If your "adjusted net income" is £100,000 or more, you lose £1 of your personal allowance for every £2 of income over £100,000 until it is gone. So, for 2013/14, if your adjusted net income is £118,880, you will have no personal allowance. Take a look here for information on how to calculate your adjusted net income.

The car benefit is based on the C02 emissions and the list price of the car when new. It will be added to your income to determine what your adjusted net income is for the purposes of calculating your entitlement to the personal allowance. There is a car benefit calculator here.

I hope this helps but let me know if you have any further questions.
Customer: replied 4 years ago.

Sorry, not sure my question is answered. i understand that with a salary of £100,000 and over your tax free allowance reduces by £1 for every £2 of income.


In my case for 2010/11 I earned £105,938 (should have been £30,396 tax) Plus i had a car with a p11d value of £22,762 (£9104.80 in tax). Therefore total tax bill is £39,501.


HMRC claim i owe £43,420.60. This is due to them charging me the £9104.80 for the car and reducing my tax free allowance (as they have added the P11d value to my total income). Hence they have double dipped. Surely this isnt right and they should reduce your tax free allowance or charge you the full amout in tax at the back end (or a blend to recieve the total tax). Not both???

Can you tell me what the tax figure as shown on your 2010/11 P60 is please.
Customer: replied 4 years ago.

sorry it is the 2011/ 12 tax year

Pay(p60) - £105,938 (Tax Paid detailed on p60) - £38,374.80

addditional amount paid following self assessment of £2791.20 (total tax paid = £41,166)


P11d value of car = £22,762 (£9104.80 income tax)


HMRC claim i owe a total of £43,420.60.


Leave this with me for a few minutes while I do some calculations.

There has been no double dipping. Your taxable benefits are taken into account when determining your entitlement to all or part or none of the personal allowance. The fact that the car benefit may have been in your tax code does not mean that you have been taxed twice on it, once through the tax code and then through self-assessment. That would be completely untenable and it has simply not happened.

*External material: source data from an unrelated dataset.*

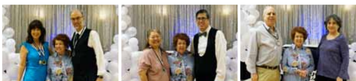
1st - Intermediate Rhythm 2nd - Intermediate Rhythm 3rd - Intermediate Rhythm
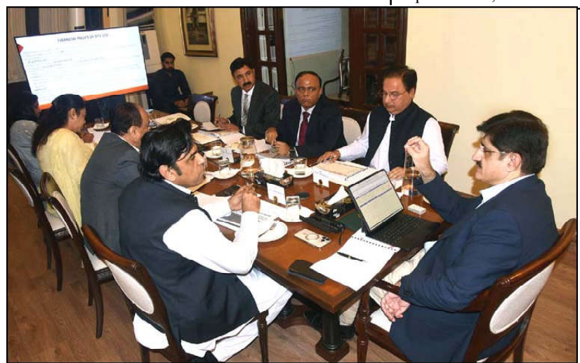
KARACHI: Sindh Chief Minister, Syed Murad Ali Shah presides over a meeting of the Industries Department, at CM House in Karachi.
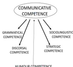
Fig. 4 Description of the humour competence added as a fifth component in communicative competence [35].
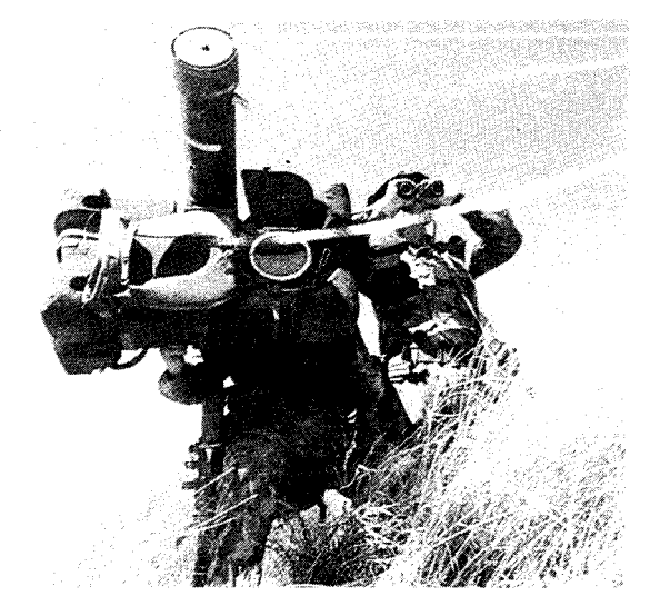
And as it is now — RBS 70 used for low local air defence with missiles, at about $90,000 a throw.
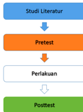
Figure 1. Research stage of blended learning

posttest design. Tests performed twice ie, before the experiment called pretest and post-test experiment called the posttest. This research was conducted at the University of Muhammadiyah Prof. DR. HAMKA. The following stages of the research carried out, shown in Figure 1.
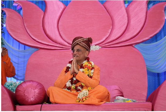
The lotus feet of our beloved spiritual master during the foot bathing ceremony.
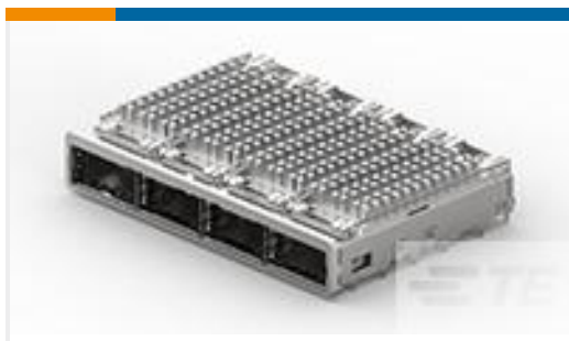
TE Part #2227249-2 1x4 Cage Assy Bhnd Bzl QSFP28
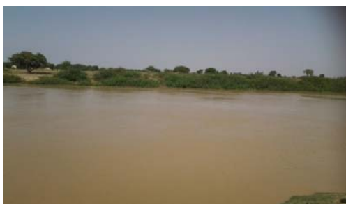
Fig. 3 Station C: Downstream (mostly preoccupied with agricultural activities and waste disposal)

The sampling bottles were pre-conditioned with 5% nitric acid and later rinsed thoroughly with distilled de-ionized
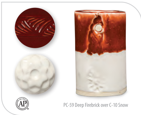
PC-59 Deep Firebrick over C-10 Snow
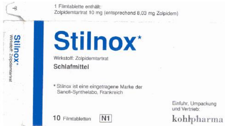
Figure 1: Figure of the imported drug package of Stilnox produced by Sanofi-Synthelabo and marketed by kohlpharma .
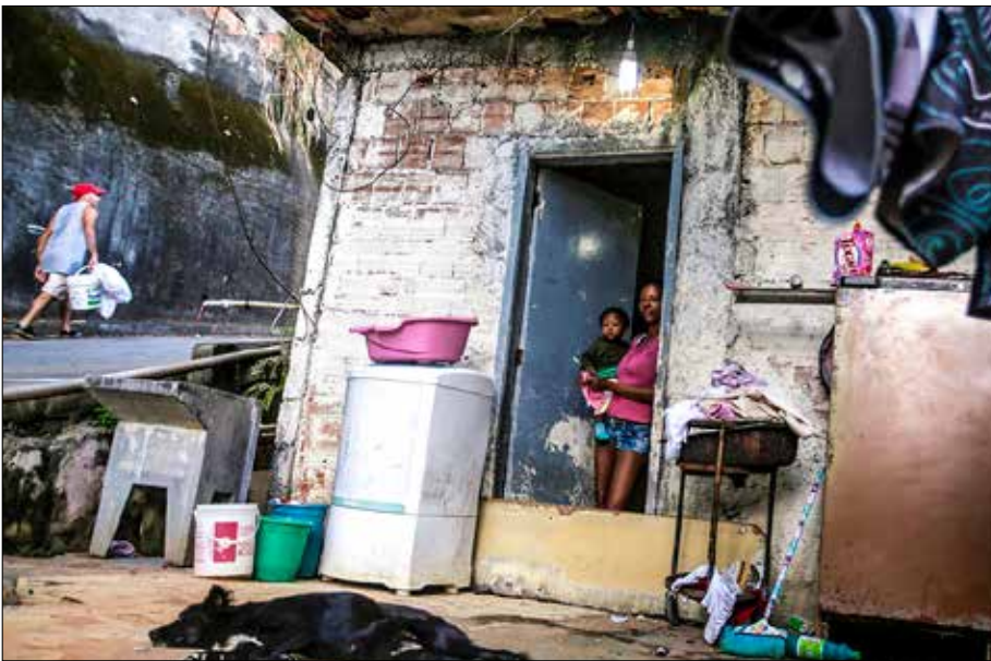
A woman holds her child at the entrance of her house in a slum area of Rio de Janeiro in April 2013.

10. What does Francis see as the positive and negative aspects of biological technologies (130-136)?

The amount of tax shown on your P60 will have taken account of the car benefit if it was in your tax code. That tax deduction figure is deducted from your overall liability to arrive at the net underpayment or overpayment.


Your income in 2011/12 was £128,700 (£105,938 + £22,762). The point at which you lost entitlement to the personal allowance in 2011/12 was at an income level of £114,950. The personal allowance was £7,475 for 2010/11.


On an income of £128,700 with no deductions, you should have paid income tax of £44,480 as you will see if you use the calculator here. You deduct from that the tax shown as deducted on your P60 which was £38,374.80 and you are left owing £6,105.40. You appear to have paid an additional £2,791.20 which reduces the underpayment to £3,314.20.

You say the tax office say your total liability is £43,420.60 as opposed to my calculation of £44,480. The difference may be caused by gift aid relief or pension contribution relief. Those will reduce your overall tax liability. If the figure of £43,420.60 is correct, then you still owe £2,254.60.

Underpayments occur for many reasons, the main one being an incorrect tax code. I suspect that you had a personal allowance in your tax code for 2011/12. The car benefit may not have been spot on either. Tax codes should be checked before the start of a tax year. If a tax code is incorrect, the tax deductions will be incorrect.